■ RECORDED INFORMATION
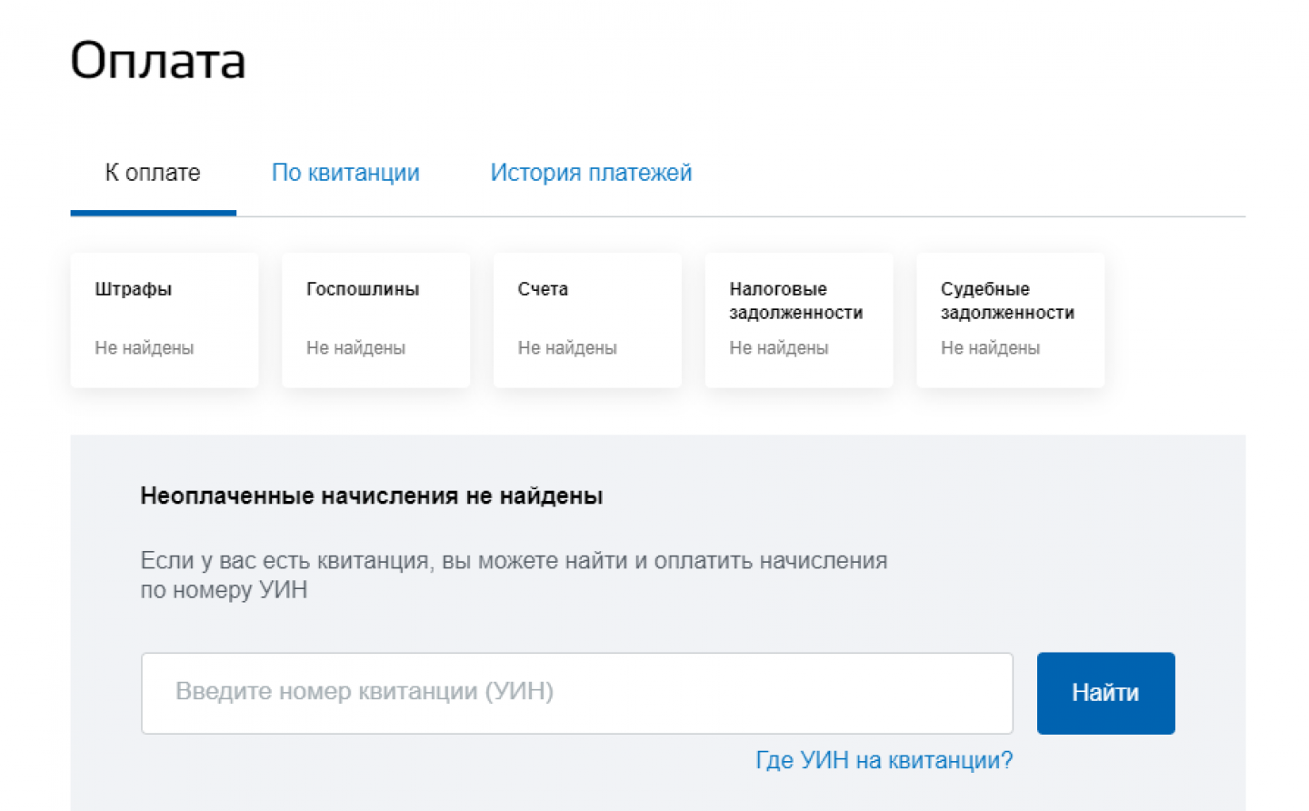 Если система не показывает, что есть задолженность, но у вас на руках есть квитанция, введите УИН (длинный код, который есть на квитанции) и проверьте долг. После этого его также можно оплатить через госуслуги.
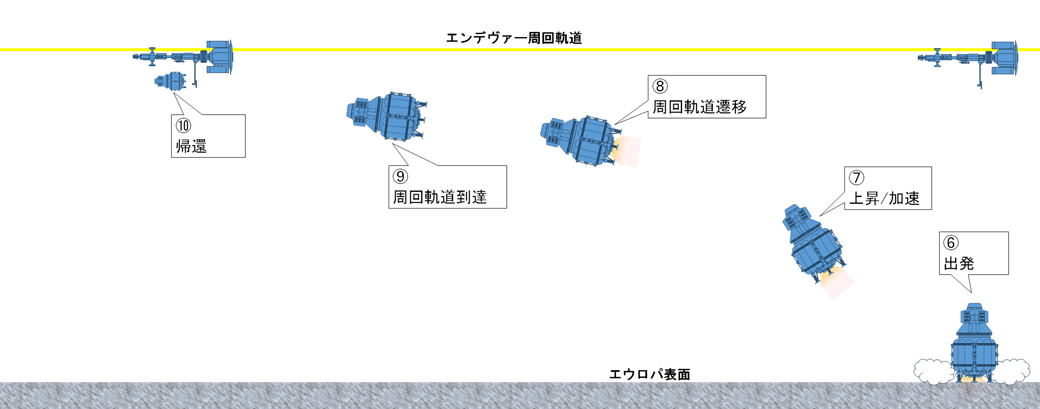 エウロパの表面から「エンデヴァー」に帰還する場合には、着陸船は推進システムを使用して「エンデヴァー」の待機している軌道まで上昇します。
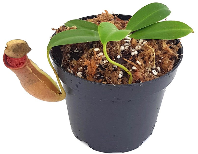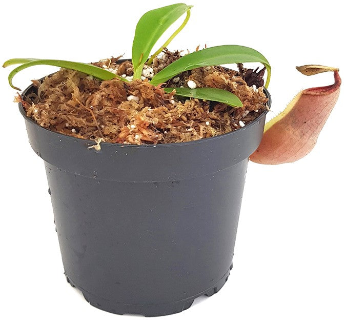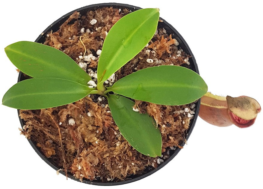 Die Nepenthes spathulata x Nepenthes campanulata ist eine Hybride von außergewöhnlicher Eleganz, die sich durch ihre bauchigen Krüge und ein spektakuläres Peristom auszeichnet. Schon junge Pflanzen zeigen eine intensive Ausfärbung und machen diese Kreuzung zu einem Highlight für jede Sammlung.
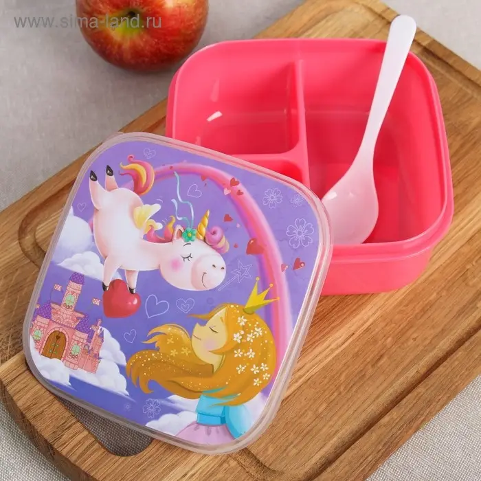 Ланч - бокс квадратный с секциями и ложкой «Единорог», 400 мл

■ TASK DETAILS
Please, without any pictures, write out exactly the lines of the listing from its first line through the line that holds "エウロパの表面から「エンデヴ", ends included, and nothing beyond them.

■ TASK ANSWER
 Если система не показывает, что есть задолженность, но у вас на руках есть квитанция, введите УИН (длинный код, который есть на квитанции) и проверьте долг. После этого его также можно оплатить через госуслуги.
 エウロパの表面から「エンデヴァー」に帰還する場合には、着陸船は推進システムを使用して「エンデヴァー」の待機している軌道まで上昇します。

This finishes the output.